Minimax Optimal Goodness-of-Fit Testing with Kernel Stein Discrepancy
Omar Hagrass, Bharath Sriperumbudur, Krishnakumar Balasubramanian
TL;DR
This paper addresses the problem of establishing minimax-optimal goodness-of-fit tests on general domains by leveraging kernel Stein discrepancy (KSD). It introduces an operator-theoretic representation of $D_{\mathrm{KSD}}$ and proposes a spectral-regularized discrepancy $D^2_{\lambda}$, along with a practical estimator $\hat{\mathbb S}_{\lambda}^{P}$ that uses data without requiring full knowledge of the null or extra null samples. The authors prove minimax optimal separation radii $\Delta_n$ under both polynomial and exponential eigenvalue decays, show that unregularized KSD is suboptimal, and provide an adaptive union test across $\lambda$ that achieves minimax optimality up to a $\log\log$ factor. Extensive experiments on Euclidean, spherical, and infinite-dimensional domains demonstrate the empirical superiority of the regularized KSD tests over unregularized variants, while remaining computationally efficient via a U-statistic framework and wild bootstrap thresholds. The work thus offers robust, domain-agnostic goodness-of-fit testing with strong theoretical guarantees and practical adaptability.
Abstract
We explore the minimax optimality of goodness-of-fit tests on general domains using the kernelized Stein discrepancy (KSD). The KSD framework offers a flexible approach for goodness-of-fit testing, avoiding strong distributional assumptions, accommodating diverse data structures beyond Euclidean spaces, and relying only on partial knowledge of the reference distribution, while maintaining computational efficiency. Although KSD is a powerful framework for goodness-of-fit testing, only the consistency of the corresponding tests has been established so far, and their statistical optimality remains largely unexplored.
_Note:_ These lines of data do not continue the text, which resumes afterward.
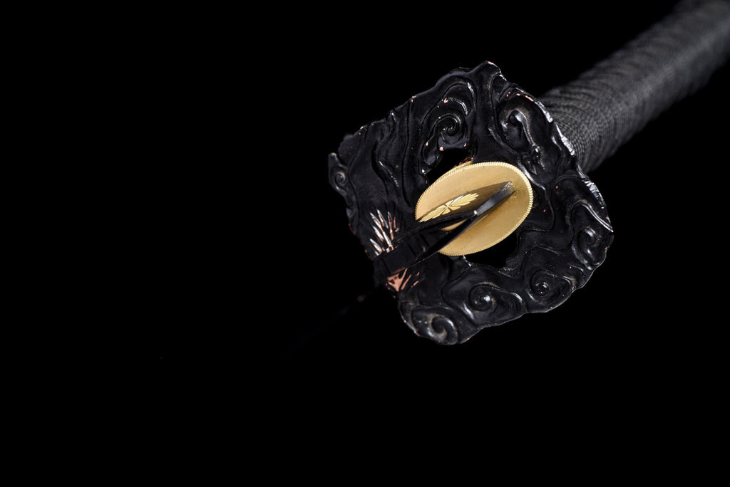Das Kokuenmaru 黒炎丸 ist ein Ausdruck gezähmter Wildheit — ein Katana, geschmiedet für diejenigen, die verstehen, dass wahre Kraft still ist. Sein geschwärzter Kupfer-Drachentsuba wickelt sich schützend um die Klinge, während das goldene Chrysanthemum-Wappen in der Nähe des Habaki an die Würde der japanischen kaiserlichen Abstammung erinnert.
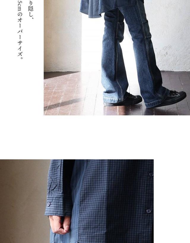 ・ラインを拾わず、お尻をすっぽり隠して着痩せする、身幅約145cmのオーバーシャツ。
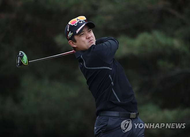 (서울=연합뉴스) 19일 경기도 포천시 대유몽베르CC에서 열린 DB손해보험 프로미오픈 2라운드 중 케빈 전이 14번홀 드라이버 티샷하고 있다. 2019.4.19 [KPGA 제공]
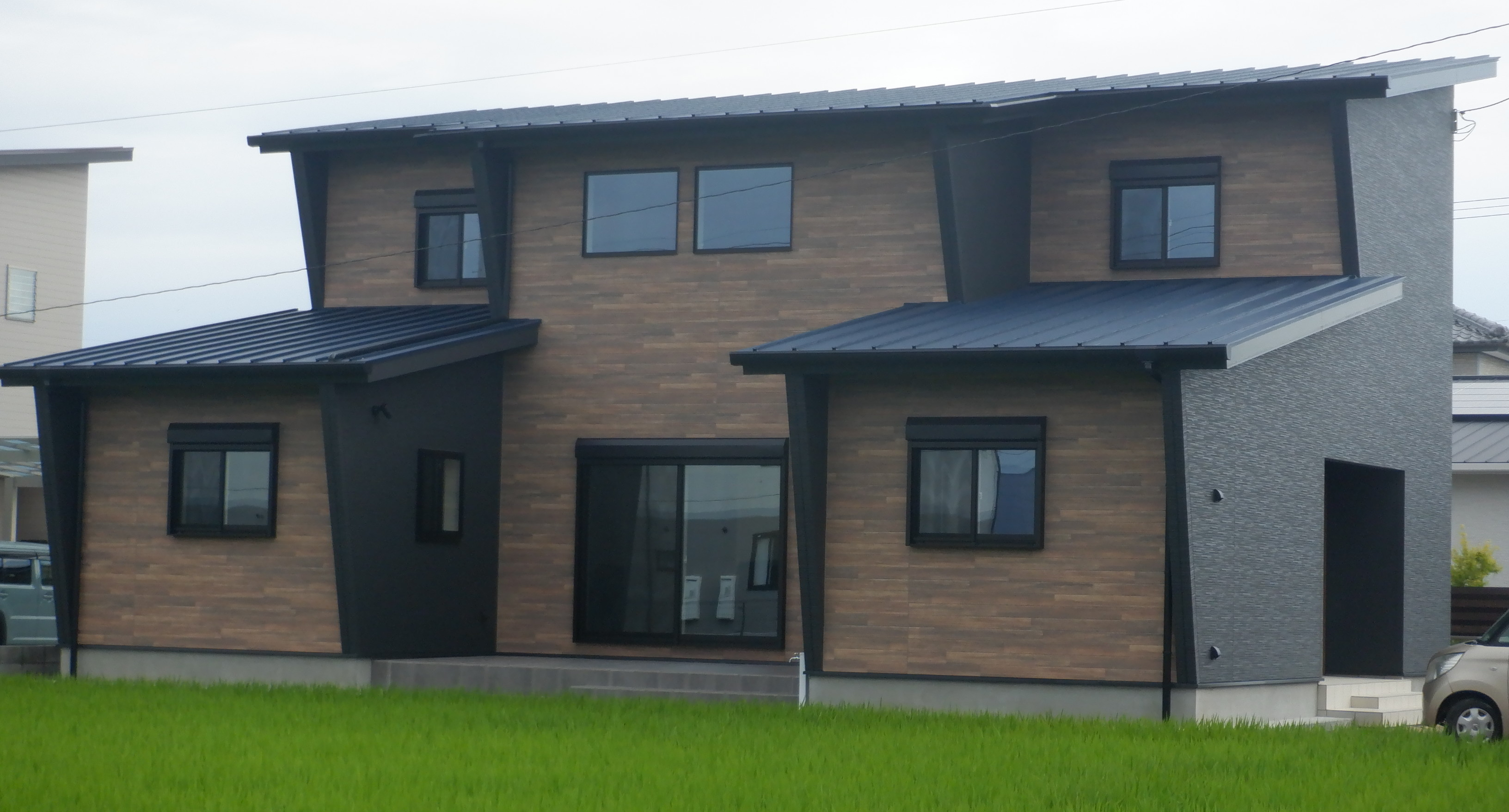南面に広庭を得ることで大きなテラスを設け、リビングと繋げることによって一層、リビングの解放感と楽しみを掴むことのできる造り。シューズクロークとガレージを完備。

In this paper, we develop a general framework and an operator-theoretic representation of the KSD, encompassing many existing KSD tests in the literature, which vary depending on the domain. Building on this representation, we propose a modified discrepancy by applying the concept of spectral regularization to the KSD framework. We establish the minimax optimality of the proposed regularized test for a wide range of the smoothness parameter $θ$ under a specific alternative space, defined over general domains, using the $χ^2$-divergence as the separation metric. In contrast, we demonstrate that the unregularized KSD test fails to achieve the minimax separation rate for the considered alternative space. Additionally, we introduce an adaptive test capable of achieving minimax optimality up to a logarithmic factor by adapting to unknown parameters. Through numerical experiments, we illustrate the superior performance of our proposed tests across various domains compared to their unregularized counterparts.